Tomorrow should be latest day to get the medication, and just to let you all know, I've been determined to give her antibiotics! 

Larry has also sent some meds by normal mail, so we'll see what is the quickest!

Thanks to you all, once again... I'll let you know tomorrow what's happening! 

*extremely stressful two days*

Jo


----------



## ippychick (Sep 19, 2007)

Charis said:


> ippychick,
> In reading back through the thread, I noticed that you have bayrtil for Vivi but haven't used it yet. Please do...............................


Hi Charis!

No, I haven't had any Baytril before~ if I have written that, then it must have been an honest accident?! 

I wrote another post about the current situation (it was for everybody, so also for you).

Vivi will get Baytril (antibiotics), there's no doubt about that anymore. I probably should have done it immediately after finding her, but as I started to try all the other things, and as she also got in such good condition! I thought she was heading for a full recovery. Well, can't make it different anymore, so better not kick myself too much.

Thanks again~ I'll post more soon...

Jo & Vivi


----------



## ippychick (Sep 19, 2007)

pdpbison said:


> Sorry I had missed your post replying to my poop questions - 'Spinach Dip' and so on... As for me, I have come to suspect some sort of Virus to be associated with streaky Urates in Spinach Dip looking poops............


Hi Phil,

Thanks again.

Larry has sent me some meds a few days ago, plus I've been waiting for the vet to call me since Tuesday morning (see above the other post about that). All the online shops that sell Baytril acquire a prescription, so that's no help either. 

I think the antibiotics/Baytril is the best shot now~ whatever the cause is. And yeah, there's nothing to lose, like you said.

It's just strange, that since Vivi was found she has improved and done so well! I thought she was heading for a full recovery~ that's how great she was doing! It was only that other leg, but even that has been _much better_ lately!

I even got afraid the new liquid calcium & grit had something to do with this sudden change, as I gave it to her in matter of hours when she also got 'strange'. But, I guess it was simply a coincidence... 

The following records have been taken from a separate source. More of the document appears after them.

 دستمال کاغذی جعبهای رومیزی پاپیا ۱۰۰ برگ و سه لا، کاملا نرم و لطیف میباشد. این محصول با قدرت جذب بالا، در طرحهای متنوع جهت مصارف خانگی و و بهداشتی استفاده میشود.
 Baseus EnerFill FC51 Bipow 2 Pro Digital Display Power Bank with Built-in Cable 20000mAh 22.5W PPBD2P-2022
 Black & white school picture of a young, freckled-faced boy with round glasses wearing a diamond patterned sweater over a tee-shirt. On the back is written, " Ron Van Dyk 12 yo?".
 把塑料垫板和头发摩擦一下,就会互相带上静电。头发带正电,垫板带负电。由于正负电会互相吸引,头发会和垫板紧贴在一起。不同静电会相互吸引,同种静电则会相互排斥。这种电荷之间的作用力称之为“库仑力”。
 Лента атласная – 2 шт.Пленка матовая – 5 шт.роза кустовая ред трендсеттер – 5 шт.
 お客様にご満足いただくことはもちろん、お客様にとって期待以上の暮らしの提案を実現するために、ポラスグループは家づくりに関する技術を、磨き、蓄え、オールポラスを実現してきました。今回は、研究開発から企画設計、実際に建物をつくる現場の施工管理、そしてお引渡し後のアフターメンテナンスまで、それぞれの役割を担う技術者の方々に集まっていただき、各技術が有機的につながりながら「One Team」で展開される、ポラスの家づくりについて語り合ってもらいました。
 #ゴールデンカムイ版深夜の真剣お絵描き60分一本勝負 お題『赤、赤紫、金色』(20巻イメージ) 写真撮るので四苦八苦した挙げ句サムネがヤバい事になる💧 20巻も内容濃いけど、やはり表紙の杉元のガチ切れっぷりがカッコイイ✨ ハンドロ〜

I have become so emotionally focused on getting her well and keeping her happy, that it is extremely devastating to see her change like this. 

The meds is the best option now.

Take care! 

(More soon...)

Jo


----------



## Aias (Nov 9, 2006)

oh i am so sorry that vivi is not feeling well, i hope that you get the baytril soon, and if you think that vivi is not feeling well then make sure that is kept in a warm environment. also, for the future using a nail clipper, such as the ones used for cats work really well on pigeon toenails.

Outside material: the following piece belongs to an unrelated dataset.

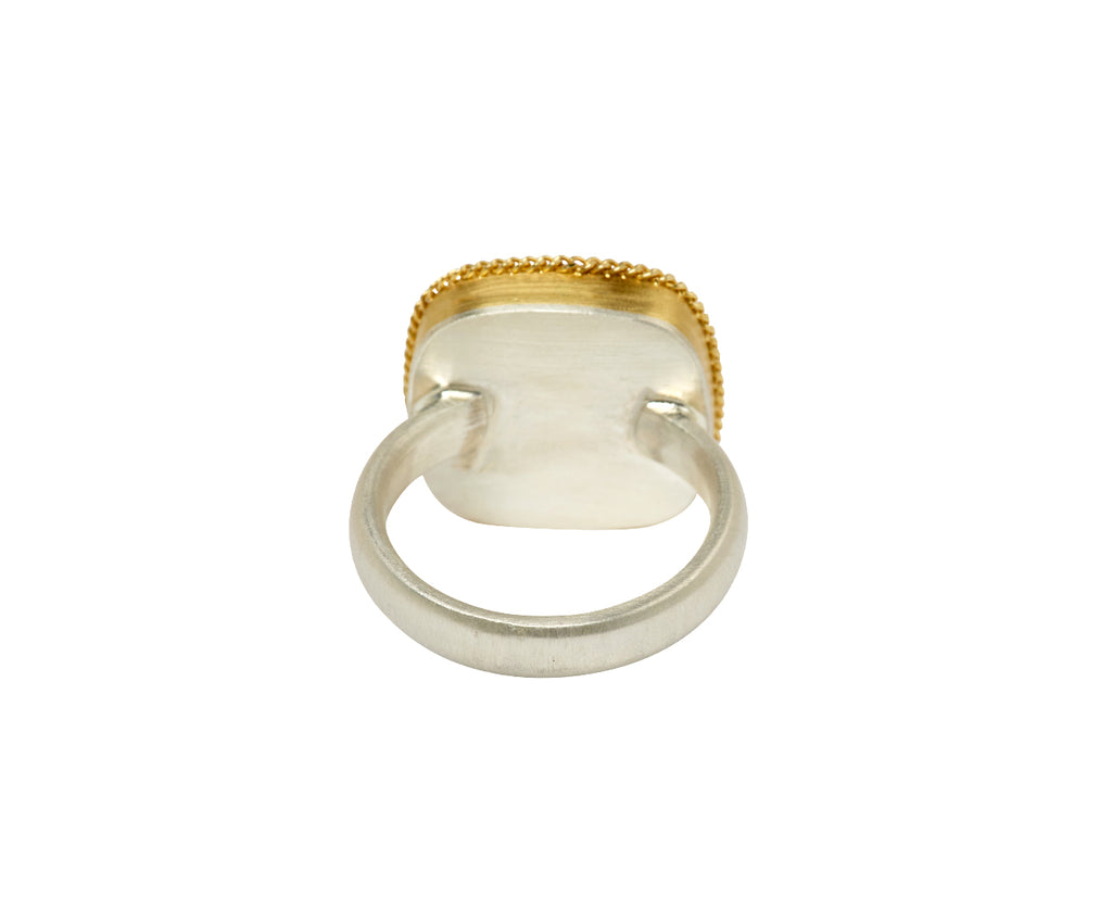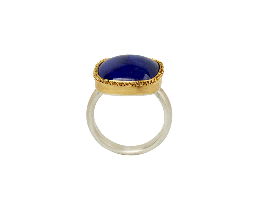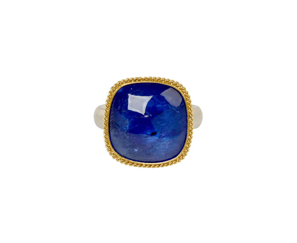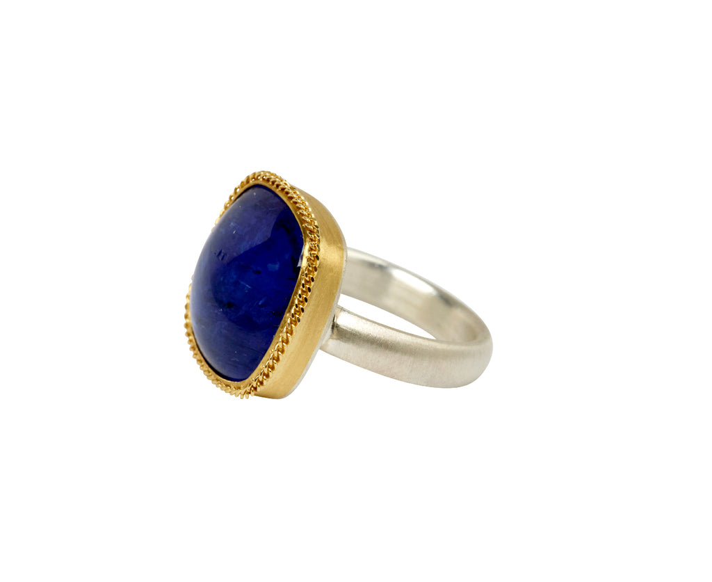 With a gorgeous, cool toned color story, this Amali ring has a stunning, restrained luxury. The square cabochon tanzanite reveals the natural characteristics of the stone. It is set in a hand wrought braided frame of 18K yellow gold with detailed granulation and centered on the brushed sterling silver band. Wear this as a modern alternative to the traditional cocktail ring.
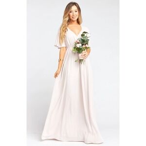 The Emily Empire Maxi is an elegant silhouette with a flirty sleeve and an elastic empire band just below the bust to compliment all shapes and sizes as well as a baby bump! Chiffon - 100% Polyester Lined to the ground No slits Elastic empire waist Keyhole with button closure Bra friendly Maternity friendly Colors may photograph differently under studio lighting BS9-0222N SR46Size: Womens M Dress was purchased from SMYM through liquidation and is authentic, unaltered, unworn, and new (with or without tags) unless otherwise indicated above. May arrive wrinkled and need steaming prior to event. Pet free and smoke free environment. Shipped daily Monday-Saturday from Washington State. Keywords: Wedding, Bride, Bridesmaid, Bridal, Prom, Formal

baby biko sends positive thoughts:


----------



## ippychick (Sep 19, 2007)

Aias said:


> oh i am so sorry that vivi is not feeling well, i hope that you get the baytril soon..............


Aias,

Ah, how wonderful~ baby Biko is so beautiful! Even just the look in the eyes... Ah!

That really was the sweetest thing, and really needed, THANK YOU so much. Really.

Kiss to baby Biko! His (/her) positive thoughts are well appreciated! (Soon Vivi will be well enough to send some back!)

// Vivi is being kept warm at the moment, and tomorrow I should be (fingers grossed) the day to finally get those meds!! The nails will be clipped soon too (once she's better), with proper clippers.


----------



## ippychick (Sep 19, 2007)

Here are just a few pictures of Vivi from yesterday~ just about an hour before she "got strange"!


----------



## ippychick (Sep 19, 2007)

*::Quick Update::*

*QUICK UPDATE:*

The vet finally called this morning; 

She asked why do I want the antibiotics. I explained to her, and as she sounded slightly reluctant I even read some parts for her from a pigeon book (relating symptoms of Salmonelloses). I also told that pigeon experts (meaning all of you) have recommended antibiotics for a long time already.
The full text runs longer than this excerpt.